NOTES TO INTERIM CONDENSED CONSOLIDATED FINANCIAL STATEMENTS
(Unaudited, in millions, except per share amounts or otherwise stated)
Note 1. Corporate Information
Company Operations
GLOBALFOUNDRIES Inc. (“GlobalFoundries”) is an exempted company with limited liability incorporated under the laws of the Cayman Islands. The address of GlobalFoundries’ registered office is P.O. Box 309, Ugland House, Grand Cayman, KY1-1104 Cayman Islands.
GlobalFoundries and its subsidiaries (together referred to as the “Company”, “GlobalFoundries”, “GF”, “we”, or “us”) is one of the world’s leading semiconductor foundries and offers a full range of mainstream wafer fabrication services and technologies. The Company manufactures a broad range of semiconductor devices, including microprocessors, mobile application processors, baseband processors, network processors, radio frequency modems, microcontrollers and power management units.
Note 2. Basis of Presentation, Summary of Material Accounting Policies and Critical Judgements, Estimates and Assumptions
Statement of Compliance — The interim condensed consolidated financial statements ("interim financial statements") have been prepared in accordance with International Accounting Standards ("IAS") 34, Interim Financial Reporting ("IAS 34"), as issued by the International Accounting Standards Board ("IASB"). Certain information and footnote disclosures normally included in the annual audited consolidated financial statements prepared in accordance with International Financial Reporting Standards (“IFRS”) Accounting Standards, as issued by the IASB, have been omitted or condensed. These interim financial statements should be read in conjunction with the consolidated financial statements and notes thereto included in GlobalFoundries' Annual Report on Form 20-F for the year ended December 31, 2024. The interim financial statements have been prepared on a basis consistent with the accounting policies disclosed in the December 31, 2024 audited consolidated financial statements.

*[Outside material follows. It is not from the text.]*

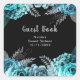 Pegatina Cuadrada Elegant Teal Blue and Silver Flowers Sweet Sixteen

The interim financial statements are unaudited and reflect adjustments (consisting of normal recurring adjustments) that are, in the opinion of management, necessary to provide a fair statement of results for the interim periods in accordance with IAS 34 as issued by the IASB.
The interim financial statements were authorized by the Audit, Risk and Compliance Committee of GlobalFoundries’ Board of Directors on August 03, 2025, to be issued and subsequent events have been evaluated for their potential effect on the interim financial statements through August 05, 2025.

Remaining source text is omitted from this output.